Brief intervention during hospital admission to help patients to give up smoking after myocardial infarction and bypass surgery: randomised controlled trial

Peter Hajek a, Tamara Z Taylor a, Peter Mills b
PMCID: PMC64504  PMID: 11786452

Abstract

Objective

To evaluate a smoking cessation intervention that can be routinely delivered to smokers admitted with cardiac problems.

Design

Randomised controlled trial of usual care compared with intervention delivered on hospital wards by cardiac rehabilitation nurses.

Setting

Inpatient wards in 17 hospitals in England.

Participants

540 smokers admitted to hospital after myocardial infarction or for cardiac bypass surgery who expressed interest in stopping smoking.

Intervention

Brief verbal advice and standard booklet (usual care). Intervention lasting 20-30 minutes including carbon monoxide reading, special booklet, quiz, contact with other people giving up, declaration of commitment to give up, sticker in patient's notes (intervention group).

Main outcome measures

Continuous abstinence at six weeks and 12 months determined by self report and by biochemical validation at these end points. Feasibility of the intervention and delivery of its components.

Results

After six weeks 151 (59%) and 159 (60%) patients remained abstinent in the control and intervention group, respectively (P=0.84). After 12 months the figures were 102 (41%) and 94 (37%) (P=0.40). Recruitment was slow, and delivery of the intervention was inconsistent, raising concerns about the feasibility of the intervention within routine care. Patients who received the declaration of commitment component were almost twice as likely to remain abstinent than those who did not receive it (P<0.01). Low dependence on tobacco and high motivation to give up were the main independent predictors of positive outcome. Patients who had had bypass surgery were over twice as likely to return to smoking as patients who had had a myocardial infarction.

Conclusions

Single session interventions delivered within routine care may have insufficient power to influence highly dependent smokers.

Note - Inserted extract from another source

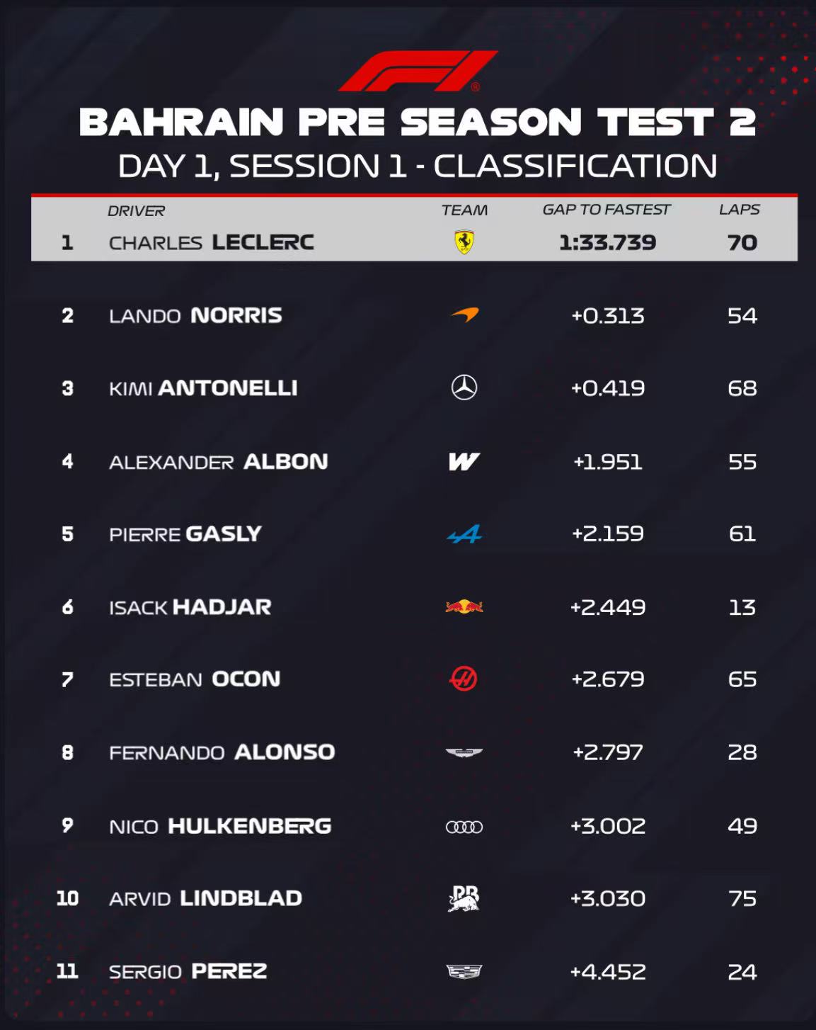 在巴林举行的季前测试第二周的首个上午,勒克莱尔领跑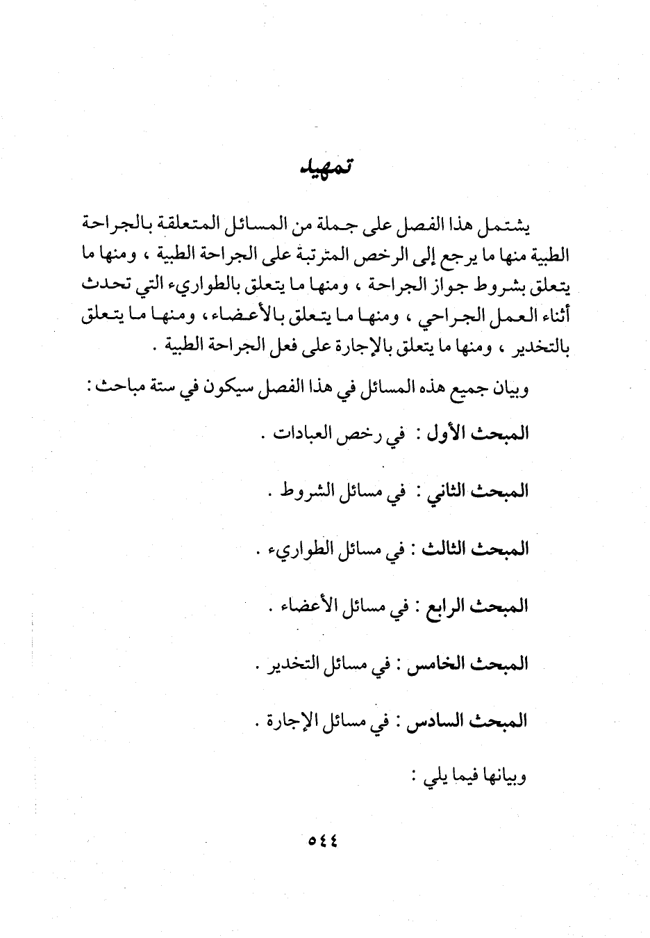 يشتمل هذا الفصل على جملة من المسائل المتعلقة بالجراحة الطبية منها ما يرجع إلى الرخص المترتبة على الجراحة الطبية، ومنها ما يتعلق بشروط جواز الجراحة، ومنها ما يتعلق بالطواريء التي تحدث أثناء العمل الجراحي، ومنها ما يتعلق بالأعضاء، ومنها ما يتعلق بالتخدير، ومنها ما يتعلق بالإجارة على فعل الجراحة الطبية.

What is already known on this topic

Stopping smoking after a serious cardiac event is associated with a significant decrease in mortality

Up to 70% of smokers who survive cardiac surgery smoke again within a year

Intensive interventions delivered by dedicated staff can help cardiac patients not to start to smoke again

What this study adds

An intervention delivered by cardiac rehabilitation nurses within routine care during patients' hospital stay failed to increase the number who managed to stop smoking in the long term

For busy staff with competing priorities, the 30 minute intervention was also on the borderline of practicability

Patients admitted after a myocardial infarction were over twice as likely to give up than those admitted for a bypass operation

Introduction

Smoking cessation after myocardial infarction is associated with a significant decrease in mortality.1 In cardiac inpatients in general, abstinence from smoking can dramatically reduce the likelihood of readmission to hospital,2,3 and considerable health benefits follow from even short term abstinence, especially in patients undergoing surgery.4,5 Yet among smokers admitted to hospital after myocardial infarction or to undergo cardiac surgery, up to 70% start smoking again within a year.6

Several studies have examined the efficacy of interventions to help cardiac patients to give up smoking and have reported moderate to good results.711 So far, however, only relatively intensive interventions delivered by dedicated staff have been studied. In the context of the UK health service, effective interventions are needed which can be delivered routinely and on a large scale by existing staff. Such interventions should not impose a large additional workload or require substantial new resources.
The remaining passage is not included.